The size of the PSD exhibited a skewed distribution (skewness = 0.98), with a mean area of 0.074 μm2 (Fig. 10C). The CV of PSD size was 0.63, being 1.3- to 1.6-fold larger than that of the quantal size (0.40 at room temperature, 2135 events pooled from five cells; 0.47 at 33–34 °C, 1112 events pooled from four cells, Fig. 10C). The distribution of quantal size at 33–34 °C was also skewed (skewness = 1.28; skewness = 1.0 at room temperature). At this temperature, even the smallest detected quantal event magnitude was 2.2-fold of the background noise bandwidth (n= 4).

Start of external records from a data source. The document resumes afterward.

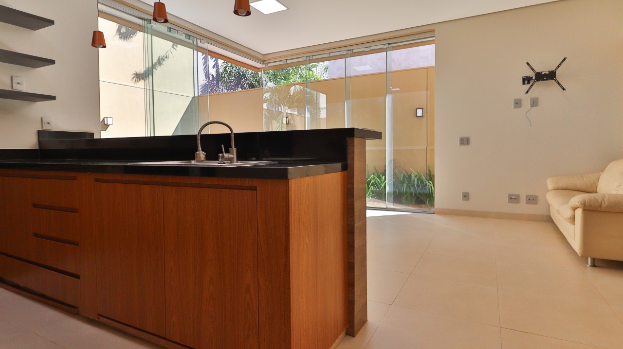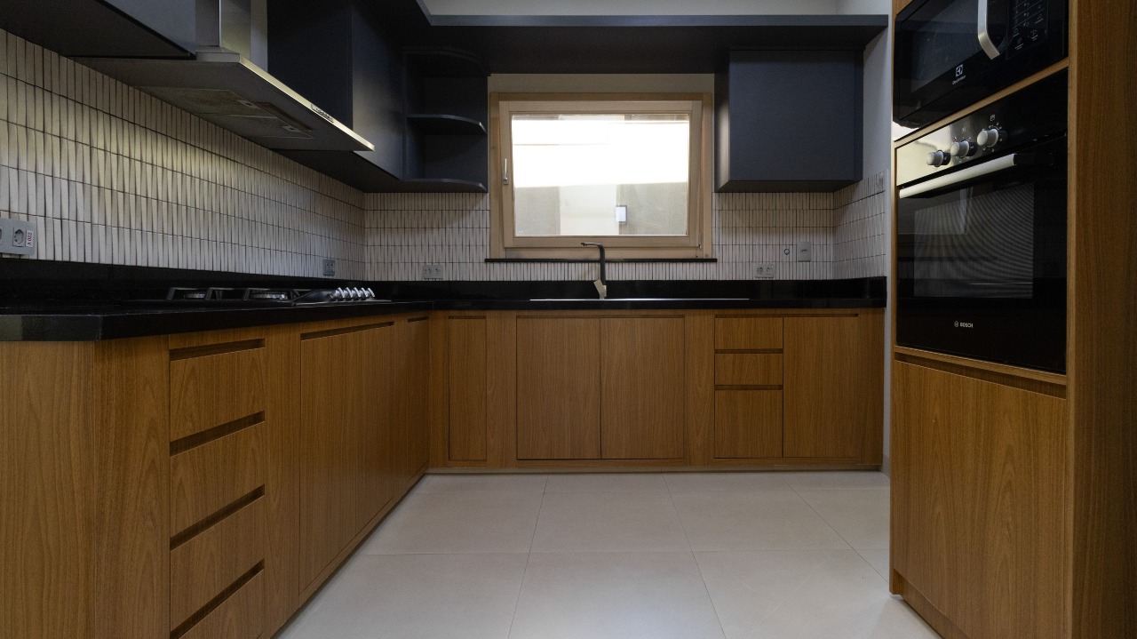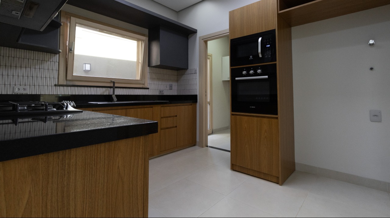 Cozinha totalmente equipada com armários embutidos (A/E), cooktop, depurador de ar, micro-ondas e forno, oferecendo praticidade e funcionalidade no dia a dia;
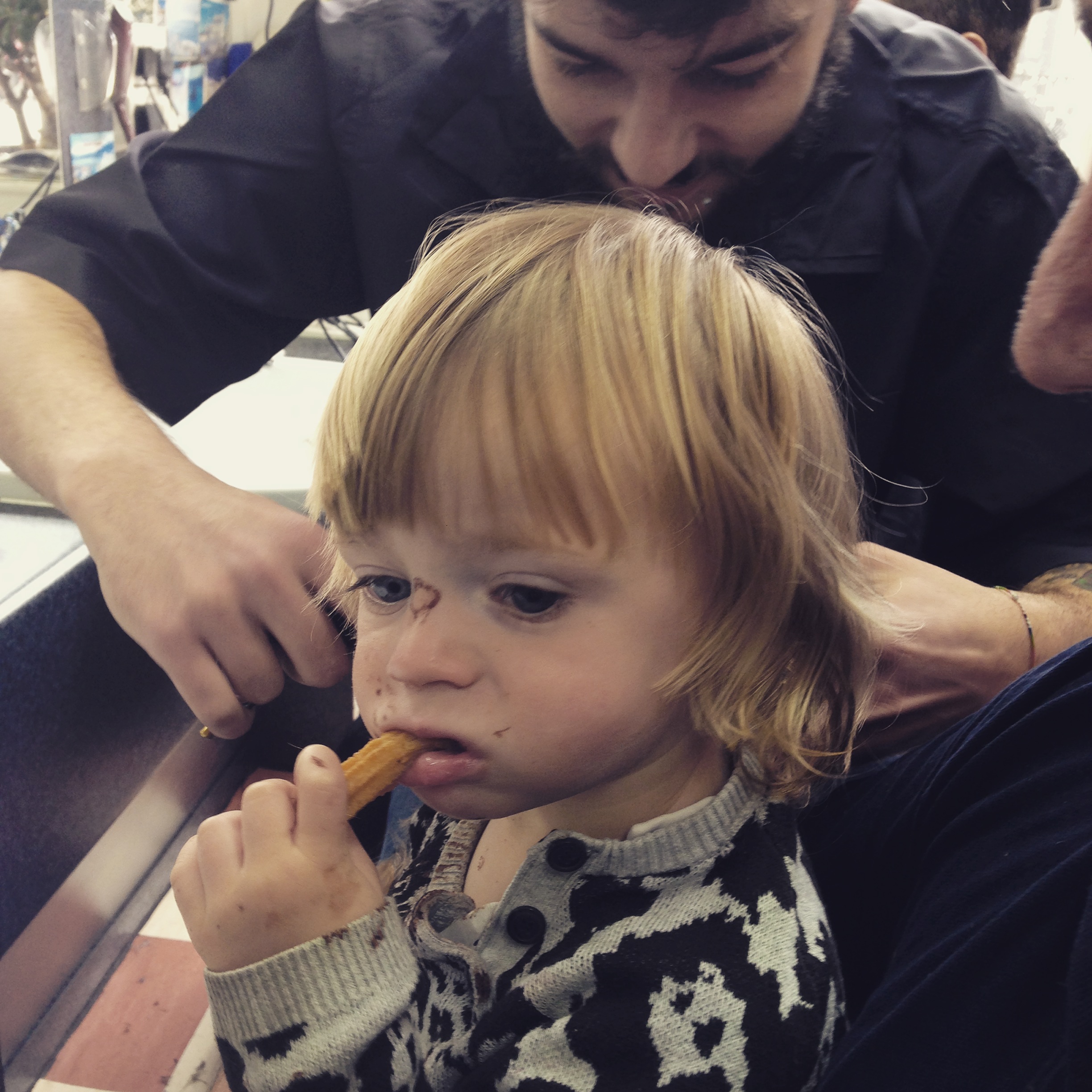 And here he is eating churros at the barber’s. Always something in that kid’s mouth, eh?
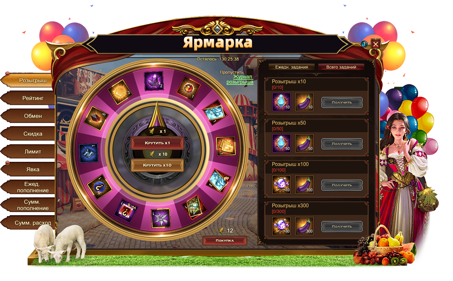 Баклажаны, собранные во время данного Фестиваля, позволяют приобрести множество интересных предметов, в том числе и эксклюзивных для данного события: [Карта] Хеймдалль, Особый титул Богатая жатва[Аватар] ФермерРамка Ярмарки[Фрагмент карты] Амфора мудрости. Если эксклюзивные предметы вас не интересуют, всегда можно обменять Баклажаны на полезные ресурсы. Например, на Камень бога землиОтличная марионетка или [Бог чести] пояс
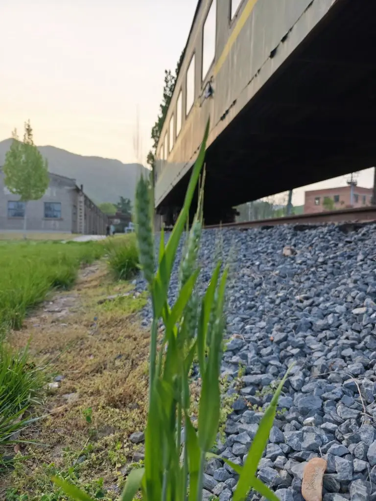 车身呈墨绿色,漆色斑驳,铁轨嵌在碎石间,缝隙里生出几株青苗,长势纤细。火车静立,无汽笛,无人影,唯有车身与铁轨相依,透着几分沉寂。
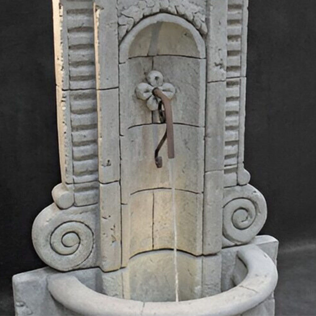 Named after the historic French province, the Champagne Tall Wall Fountain by Fiore Stone features ornately sculpted scrollwork and a central archway as its primary focal point. Water jets out from the centrally mounted rustic iron water spout. This fountain is ideal for sprucing up a plain fence or wall.
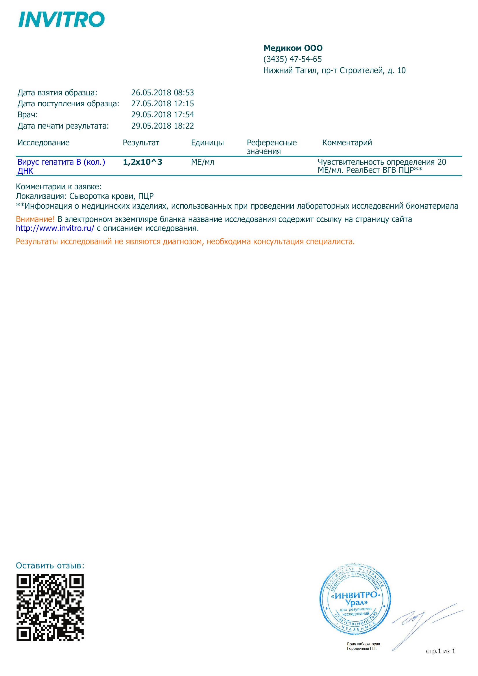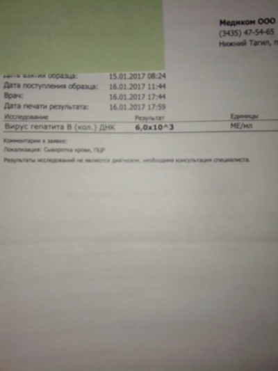 HBV (ДНК): январь 2013: n х 10*4; 2014: n х 10*4; январь 2017: 6,0 х 10*3; май 2018: 1,2 х 10*3; октябрь 2018: 9,7 х 10*2
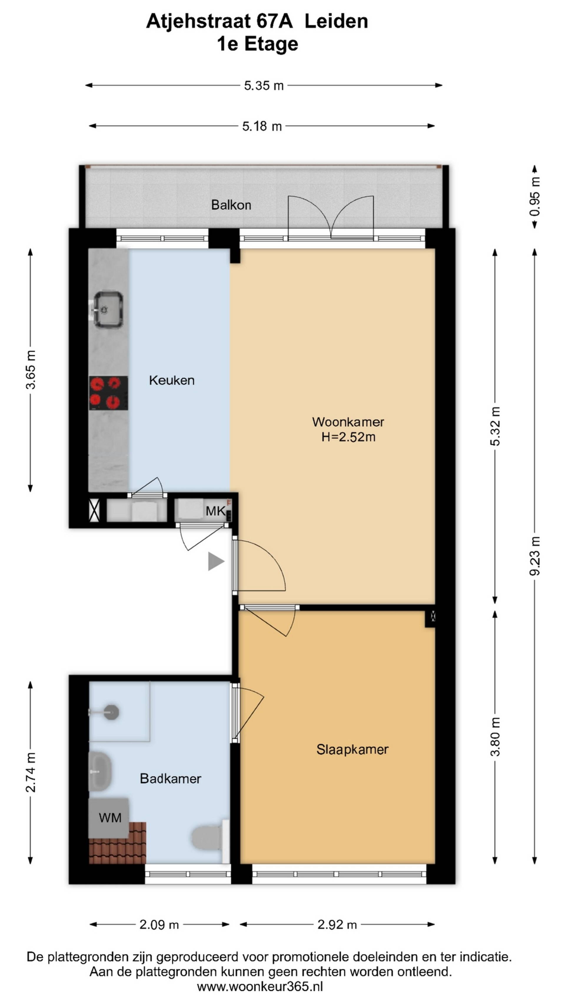 Het balkon (ca. 5,1 m²) ligt aan de achterzijde en is bereikbaar via openslaande deuren – een heerlijke plek om van de zon te genieten.
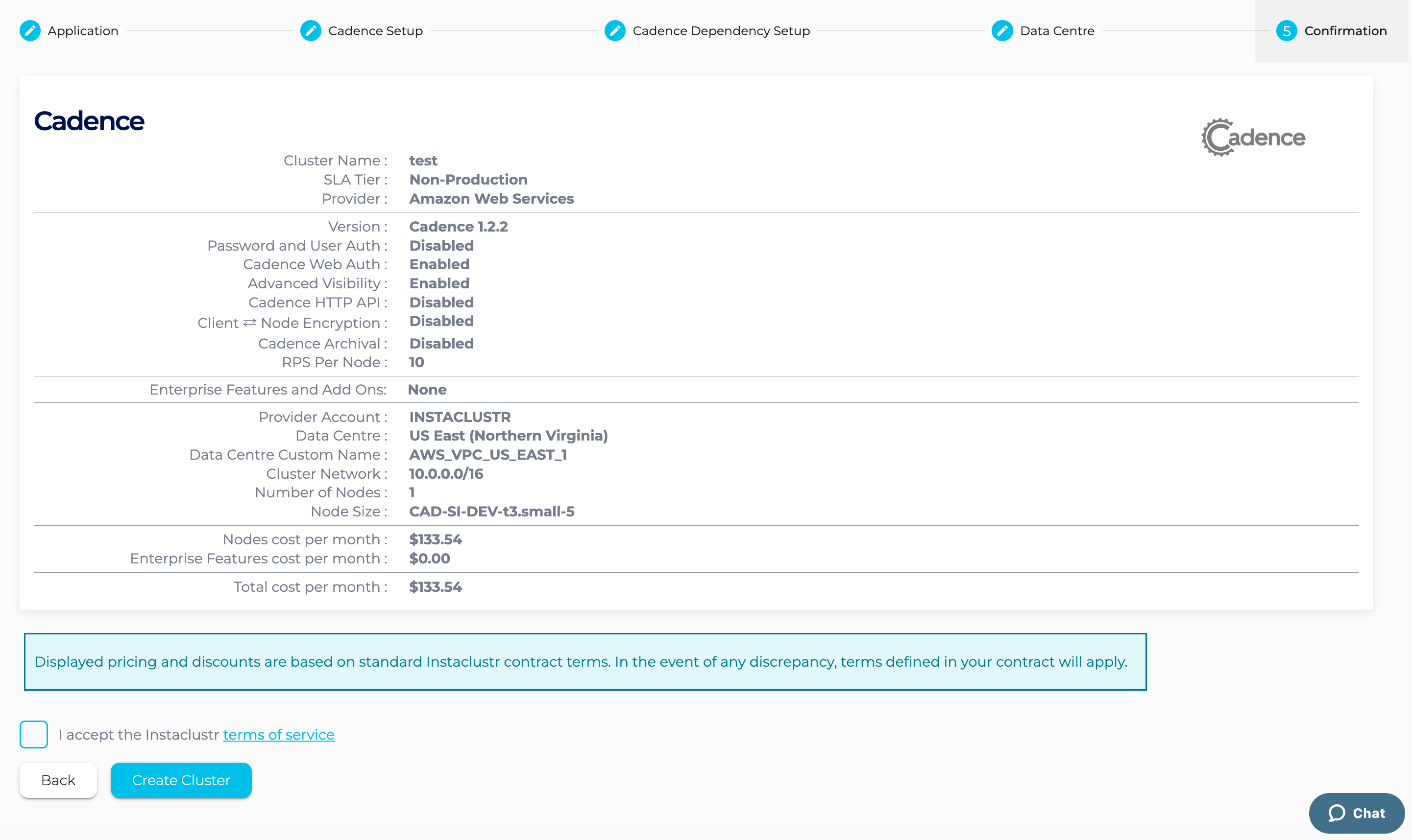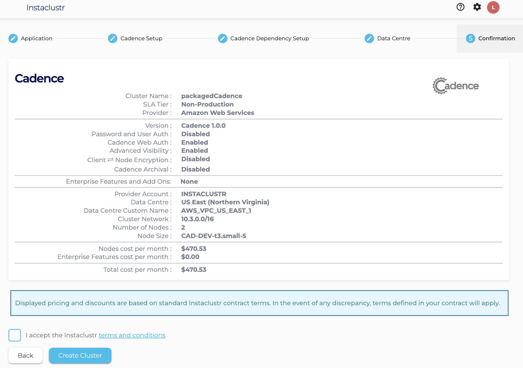 - The Confirmation section displays a detailed summary of your cluster configurations and pricing details. If you are happy with the cluster configuration and have accepted the terms and conditions, click the Create Cluster button to start provisioning the Shared Infrastructure Cadence cluster.
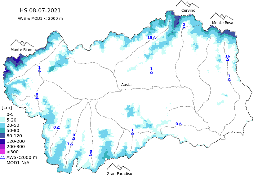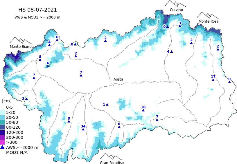 Snow depth + automatic weather station data (AWS) + Modello 1 AINEVA (MOD1) data above 2000 m
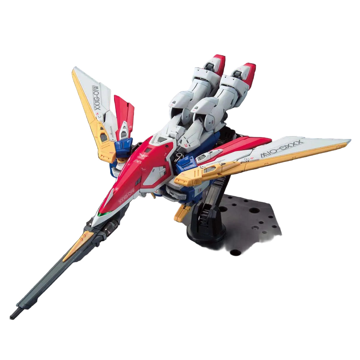 The build centres on the advanced Real Grade inner frame that provides Master Grade-level articulation in 1/144 scale. You get the Buster Rifle, shield, beam saber, and articulated wing system with MS joints for dynamic posing. The colour separation delivers the Wing Gundam's white, blue, red, and yellow scheme with minimal painting needed. The engineering features full transformation to Bird Mode without parts swapping and articulated wings that fold and spread for flight configurations. The kit includes realistic water slide decals and action base support parts for aerial display poses.
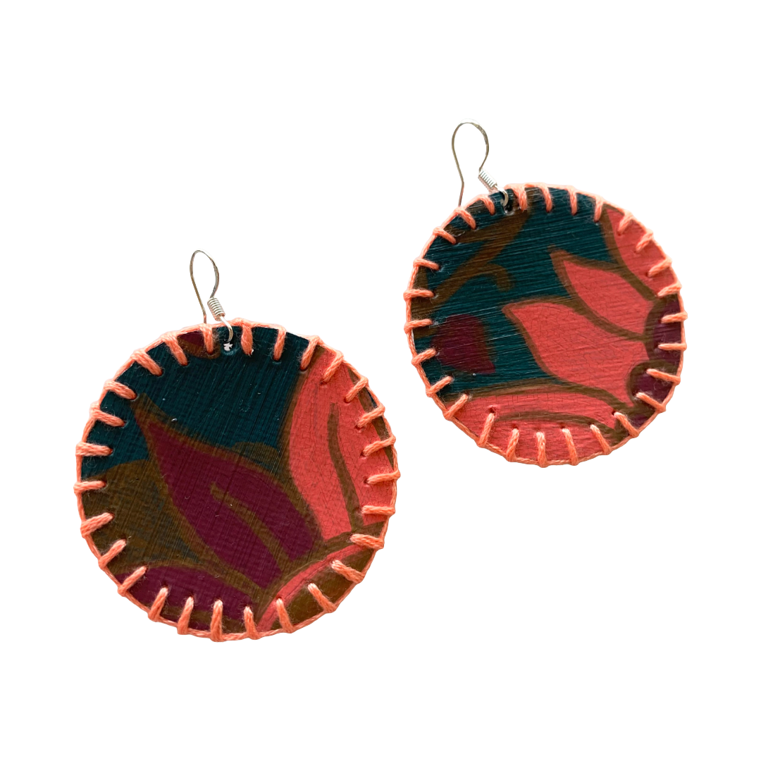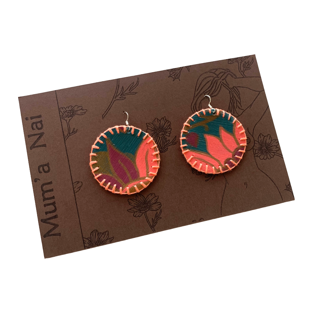 "Anyone that knows me, knows I absolutely love BIG earrings! Just not a fan of the weight that comes with it a lot of the time… So, I created a line of earrings, mixing and matching off cuts of leather, screen printed material and hessian, acrylic and coffee on canvas, merged with embroidery to create light weight wearable art! These are all handmade, using a very sustainable arts practice with at least 80% of resources up-cycled. Enjoy your sustainable bling… and have a beautiful day. Much love, Mum’a Nai" Mum’a Nai is an emerging artist born in Cairns, with a love for textile art. Her work focuses on having an earth friendly sustainable practice, repurposing used, damaged and discarded items, exploring the notion of beauty and function. Her style is a cross over between traditional and contemporary craft and conceptual art. Influenced by her parents and grandparents who were all creative in a variety of ways and instilled a deep-seated value around repurposing.

Furthermore, immunogold labelling by an anti-GluR2/3 antibody was observed to be concentrated within PSDs, in contrast with the low level of labelling outside PSDs (Fig. 10B), as reported at the mossy fibre-granule cell synapse (DiGregorio et al. 2002). Thus AMPARs eliciting quantal responses are likely to be localised only at PSDs. Based on this, we calculate the lower limit for the average receptor packing density, from our estimates of the PSD size and the number of channels occupied by the transmitter packet, to be ∼900 receptors μm−2 (after correction for filtering).